# Prince of Persia, Sands of Time



## Dave (Dec 29, 2003)

Sorry, but I don't see a thread on this anywhere here and it is currently the top rated game in the UK. (Christmas 2003)

I've only just bought it today. The gameplay seems excellent, but I've only played for about 30 mins so far, then I had to go to work. I do an excellent backflip technique while fighting, my son goes for the 'matrix style' slashing. We both got stuck in the room with the pillars that you enter through the hole in the wall, (very near the beginning. We haven't met anyone we didn't kill yet!)

So, any cheats (use spoilers)? Any advice, top tips, etc.

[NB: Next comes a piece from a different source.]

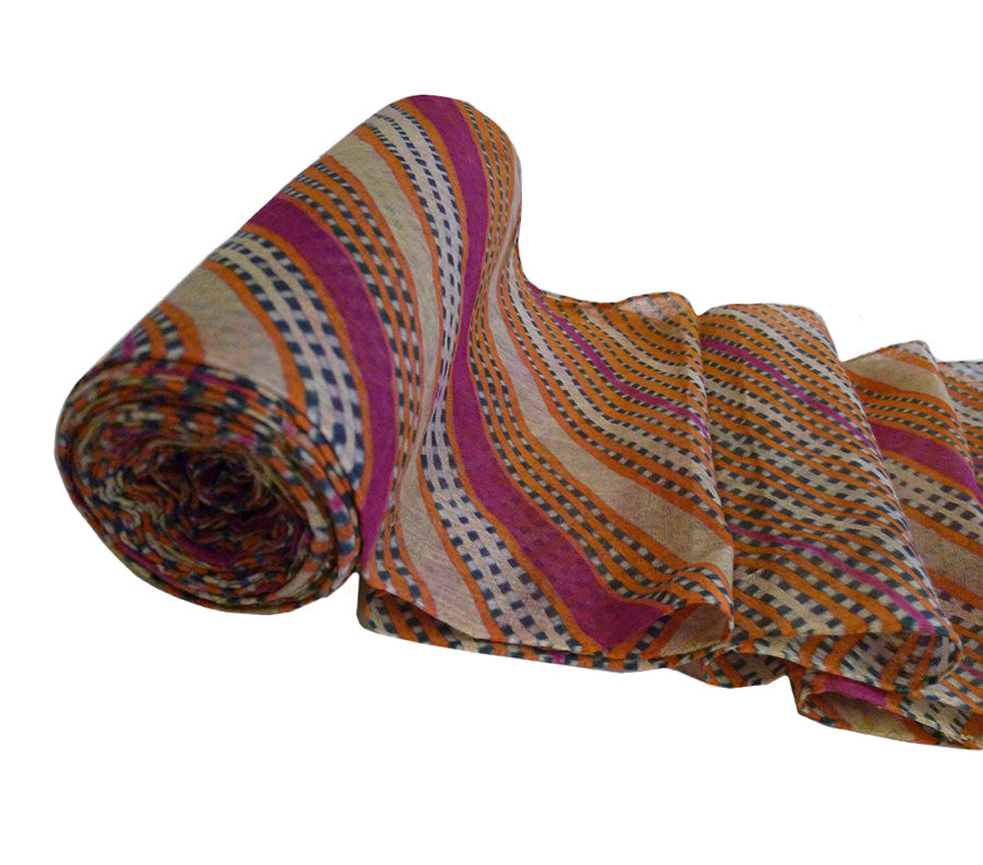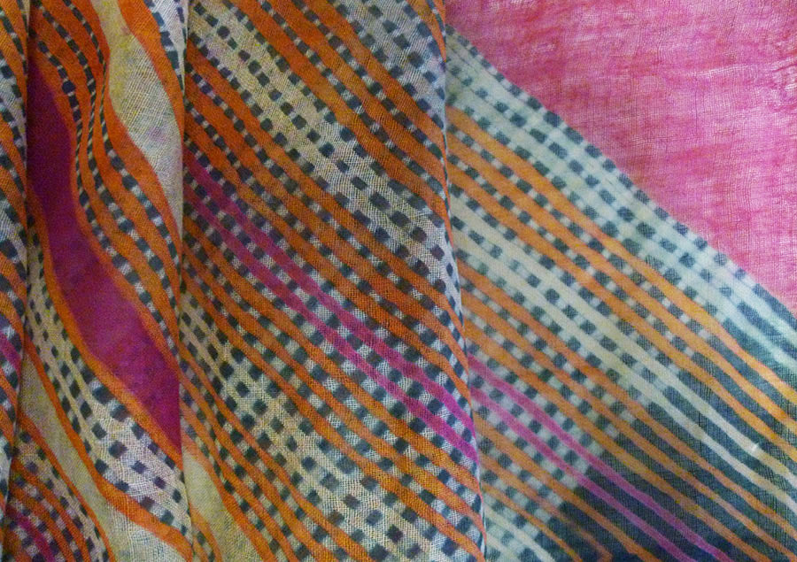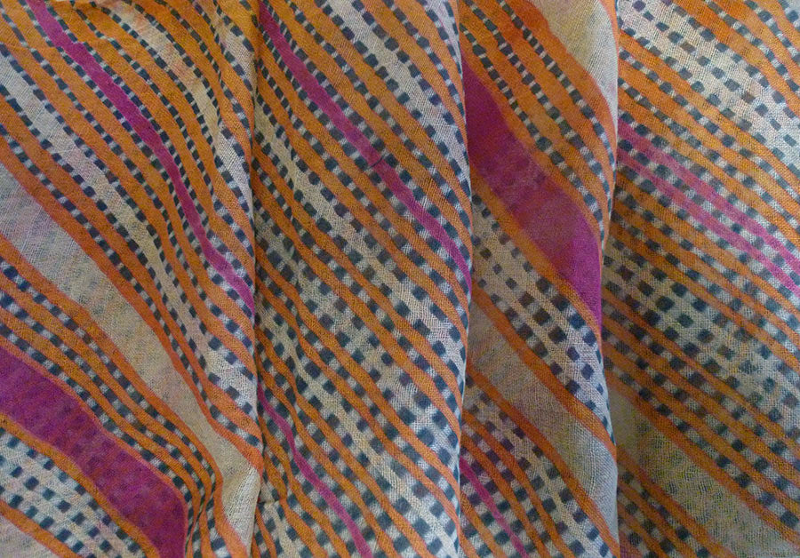 This cross-directional dyeing technique is called mothara. The coloration of this turban is a subtle, elegant and beautiful combination of orange, grey and fuchsia tones.

Someone else must be playing this!


----------



## L. Arkwright (Dec 30, 2003)

Ive just got this for Christmas. I dont know what system you have it for dave, mines for the pc. Its pretty cool but I find the direction controls a bit off putting, I seem to spend most of my time jumping in the completely wrong direction.


----------



## Dave (Dec 30, 2003)

We just got a playstation 2 and it was part of the package. I wasn't absolutely sure that we needed a playstation, since you can get all the same games on PC or gameboy, but the controls are much easier to use for jumping etc. You could always buy a games contoller for your PC. One other good thing about having the playstation is that it frees up the PC so I can get online.


----------



## Quill (Jan 3, 2004)

Sands of Time is a fantastic game.  I've had my copy for over a month and I've played through it _at least_ a dozen times - probably more.  It's the best game I've bought in a very long time, and the only game I started over immediately when the credits stopped rolling.


----------



## Tabitha (Jan 4, 2004)

This and XIII are next on my list of things to buy - I am currently being driven nuts by TimeSplitters 2 (dammit that NeoTokyo level is hard!).

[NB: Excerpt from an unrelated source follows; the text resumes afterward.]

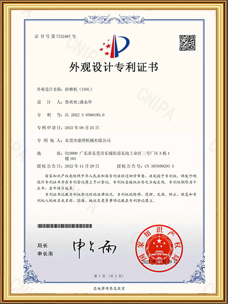 砂磨機(jī)(150L)證書

Did any of you play the old version of this years back on your first PC?  I was totally addicted to it!


----------



## SilverCaladan (Jan 4, 2004)

This game is so kickass, I get an adrenaline rush just thinking about it. The graphics are wonderful, the gameplay is awesome, and if you pay attention to the visions they tell you where to go or what to do ^_^


----------



## Dave (Jan 4, 2004)

I got XIII too. Prince of Persia is far better. Put it top of your list.


----------



## Tabitha (Jan 5, 2004)

I notice that in the big stores like Game, HMV and Virgin, this game is still Â£30+.  I just found it for Â£17.99 on Play.com - think I'll go and order it right now!


----------



## Dave (Mar 5, 2004)

I still can't finish this  

I have a walkthrough, I'm just useless at doing the stunts within the short time you get before the port culis closes.

But I just read this:



> _from SciFi Wire_
> 
> *Bruckheimer Seeking Sands*
> 
> ...


----------



## SilverCaladan (Mar 6, 2004)

Just so long as the movie looks kickass I'm all for it...


----------



## BAYLOR (Jan 22, 2022)

The movie wasn't very good.


----------



## Dave (Feb 10, 2022)

BAYLOR said:


> The movie wasn't very good.


Utterly boring compared with the game. I'd forgotten about playing this. It was 19 years ago though! If I still had it now I could sell it as an antique.


----------



## BAYLOR (Feb 10, 2022)

Dave said:


> Utterly boring compared with the game. I'd forgotten about playing this. It was 19 years ago though! If I still had it now I could sell it as an antique.



If they had actually come up with a good story and script , this one would have become big  movie franchise.  Instead, we got crappy one and done film.


----------



## Toby Frost (Feb 11, 2022)

Still available on Steam, I believe.


----------